One reference set, three annual physicist workflows.

Warm-up the dose calibrator and let the source set come to room temperature alongside it. Thermal drift is the #1 single-day variance noise.

Read background; subtract; verify the calibrator is on the correct isotope setting before each source.

Insert source in the standard orientation. Read three times, take the mean.

Decay-correct the certificate activity to the time of measurement. Δ = (A_measured − A_expected) / A_expected × 100 %.

PASS criterion: Δ within ± 10 % across all four isotopes (AERB / AAPM TG-181 annual accuracy threshold).

Document the result in the annual QA dossier alongside the constancy trend log from the past year.

Use the long-lived Cs-137 reference (T½ 30.1 y) as the activity-decade-spanning probe. Decay won't close the working range during the test.

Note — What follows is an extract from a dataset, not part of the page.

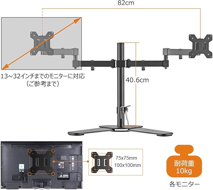 【対応モニター】液晶モニターを2画面設置できるデュアルディスプレイアームです。耐荷重は10KG(1台)で、VESA規格は75 75mm/100 100mmで、13~32インチPCモニターに対応します。
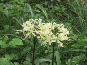 午後に向かった小出川沿いにはヒガンバナが美しく群生しているかと期待したのですが、赤いヒガンバナは遅かった・・でも白いヒガンバナはまだ見ごろ。周辺は稲刈りの始まった田園風景が広がり、のどかでした。

Read the source through shielded attenuators producing known transmission factors (typically 5 attenuator pots producing 1× / 0.5× / 0.2× / 0.1× / 0.05× geometry).

Plot measured activity vs expected activity on a log-log axis. Fit line; expected slope = 1.0, intercept = 0.

PASS criterion: deviation from linearity ≤ 5 % across the clinical activity range (typically 37 MBq to 37 GBq).

Document the linearity plot in the annual dossier. Re-run after dose-calibrator service or chamber replacement.

Energy calibration: use Ba-133 / Co-57 / Cs-137 / Co-60 sequentially to map the energy-channel response of the well counter's NaI(Tl) crystal.

Plot channel number vs photon energy; expected linear fit. Slope and intercept feed the spectrum-analysis software.

Counting efficiency: at each isotope, measure CPM at known activity; efficiency = CPM / (Bq × 60). Plot efficiency vs energy.

Re-run after PMT replacement, photomultiplier high-voltage adjustment, or annual scheduled QA.

Cross-check against the dose calibrator linearity result — well counter and dose calibrator should agree on the same Cs-137 activity to within their combined uncertainties (typically ± 10 %).